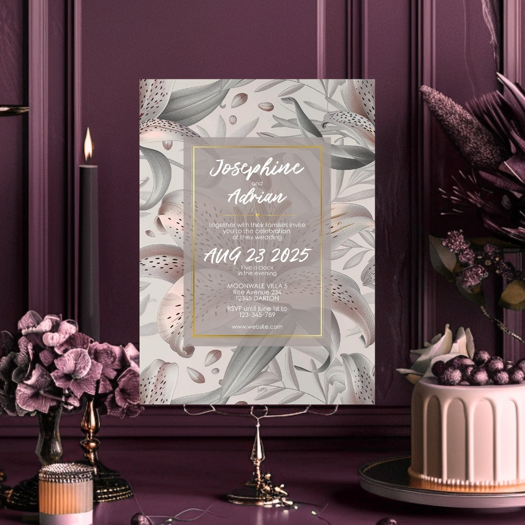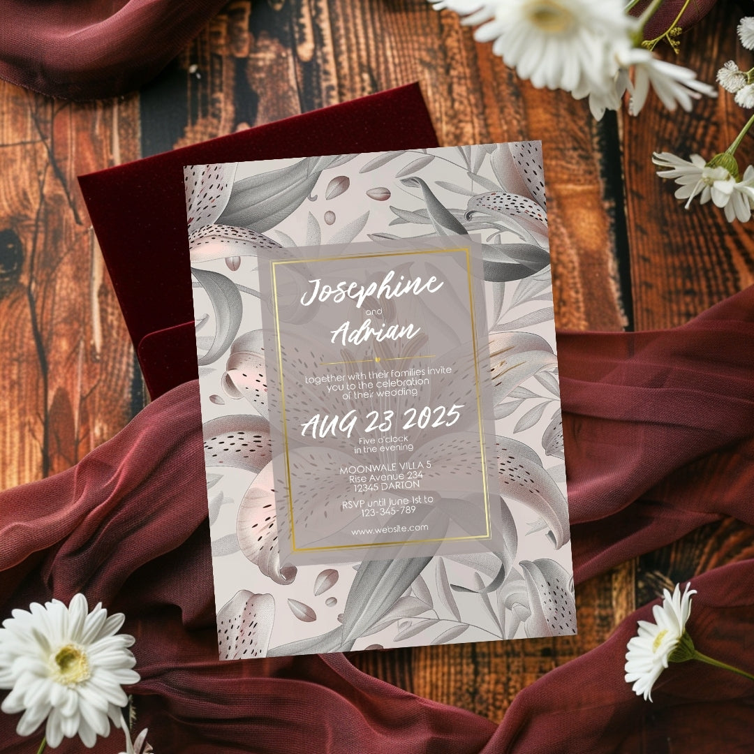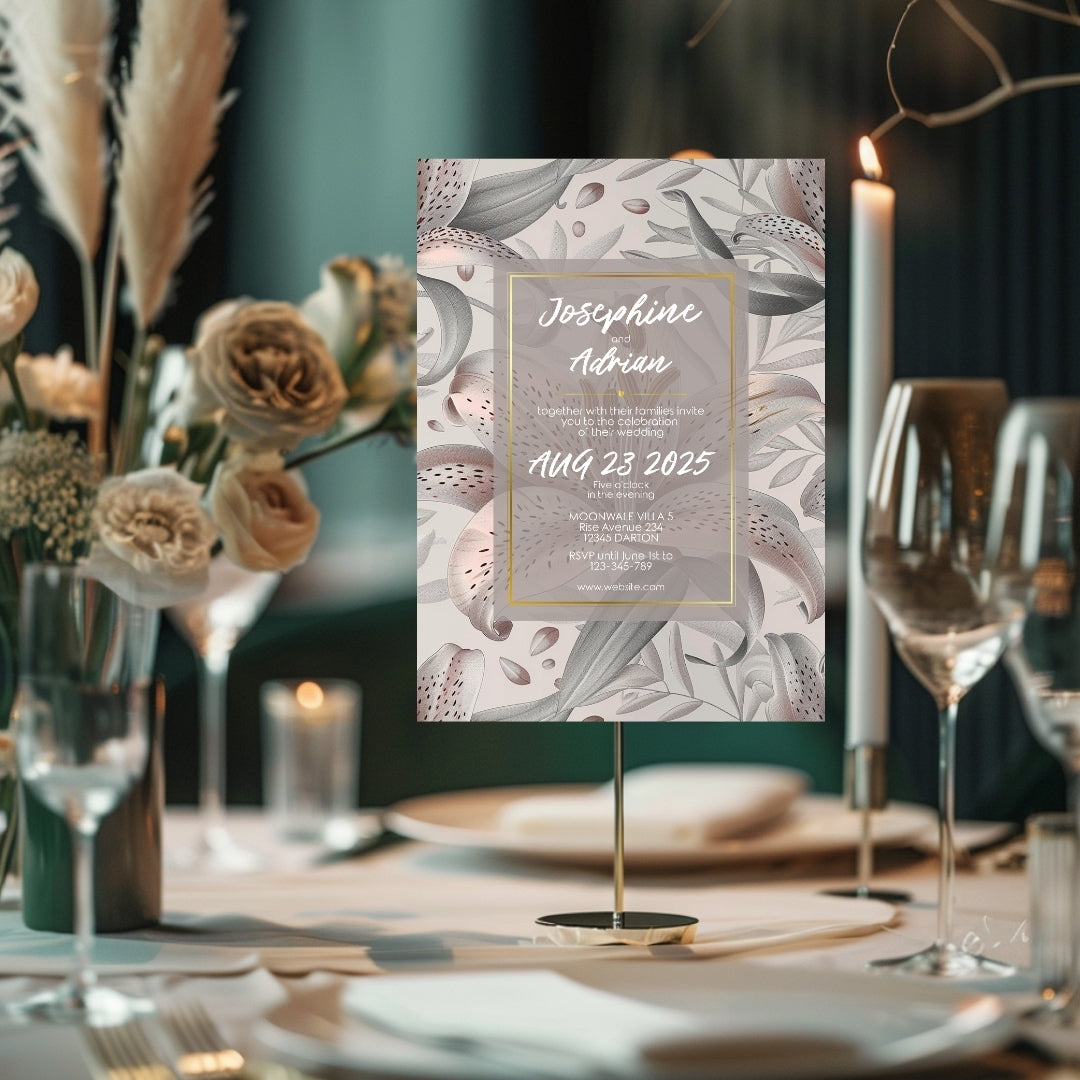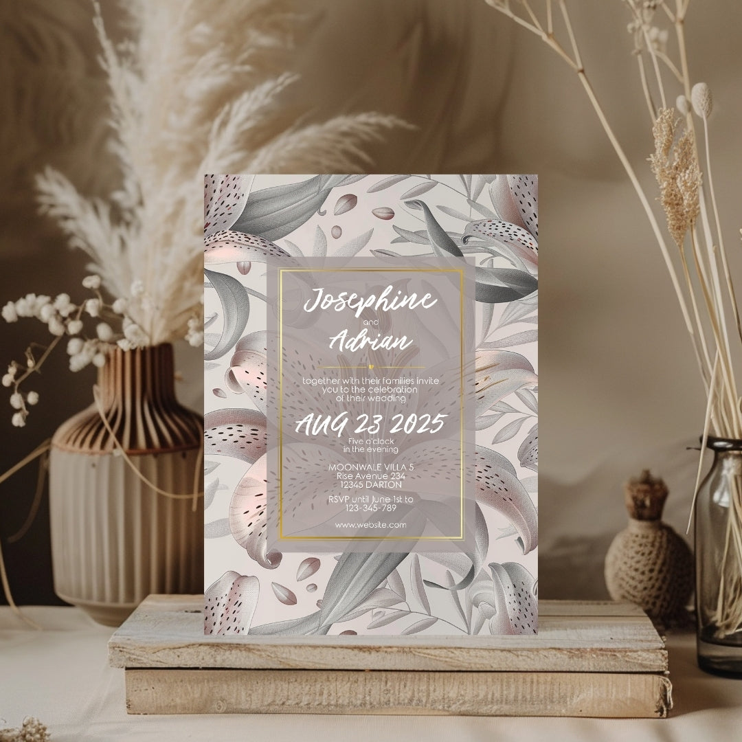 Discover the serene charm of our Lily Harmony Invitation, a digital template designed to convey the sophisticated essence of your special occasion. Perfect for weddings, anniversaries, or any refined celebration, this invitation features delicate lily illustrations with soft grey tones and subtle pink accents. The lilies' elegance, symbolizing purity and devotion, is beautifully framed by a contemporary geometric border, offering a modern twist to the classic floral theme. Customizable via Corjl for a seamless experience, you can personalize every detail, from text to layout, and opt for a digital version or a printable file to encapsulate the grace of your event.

* * *

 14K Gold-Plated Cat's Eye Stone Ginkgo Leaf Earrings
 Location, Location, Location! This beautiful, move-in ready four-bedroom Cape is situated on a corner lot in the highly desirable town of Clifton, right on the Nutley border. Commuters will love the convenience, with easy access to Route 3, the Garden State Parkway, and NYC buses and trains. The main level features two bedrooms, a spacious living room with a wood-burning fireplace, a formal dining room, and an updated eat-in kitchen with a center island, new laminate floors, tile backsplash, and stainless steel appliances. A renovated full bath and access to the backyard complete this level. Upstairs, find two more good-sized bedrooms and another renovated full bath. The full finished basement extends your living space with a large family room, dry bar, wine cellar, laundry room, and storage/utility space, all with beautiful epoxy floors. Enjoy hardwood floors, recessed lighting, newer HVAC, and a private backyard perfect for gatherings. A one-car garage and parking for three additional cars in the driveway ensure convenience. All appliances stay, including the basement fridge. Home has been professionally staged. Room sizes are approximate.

==

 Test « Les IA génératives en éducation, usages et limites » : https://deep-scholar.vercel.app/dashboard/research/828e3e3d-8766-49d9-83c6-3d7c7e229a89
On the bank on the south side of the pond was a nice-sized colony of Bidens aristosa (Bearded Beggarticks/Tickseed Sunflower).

▶ [Problem statement] A verbatim transcription is needed of the lines above, starting at the line with "14K Gold-Plated Cat's" and ending at the line with "Location, Location, Location!", both included, and of nothing else.

▶ [Written reply]
 14K Gold-Plated Cat's Eye Stone Ginkgo Leaf Earrings
 Location, Location, Location! This beautiful, move-in ready four-bedroom Cape is situated on a corner lot in the highly desirable town of Clifton, right on the Nutley border. Commuters will love the convenience, with easy access to Route 3, the Garden State Parkway, and NYC buses and trains. The main level features two bedrooms, a spacious living room with a wood-burning fireplace, a formal dining room, and an updated eat-in kitchen with a center island, new laminate floors, tile backsplash, and stainless steel appliances. A renovated full bath and access to the backyard complete this level. Upstairs, find two more good-sized bedrooms and another renovated full bath. The full finished basement extends your living space with a large family room, dry bar, wine cellar, laundry room, and storage/utility space, all with beautiful epoxy floors. Enjoy hardwood floors, recessed lighting, newer HVAC, and a private backyard perfect for gatherings. A one-car garage and parking for three additional cars in the driveway ensure convenience. All appliances stay, including the basement fridge. Home has been professionally staged. Room sizes are approximate.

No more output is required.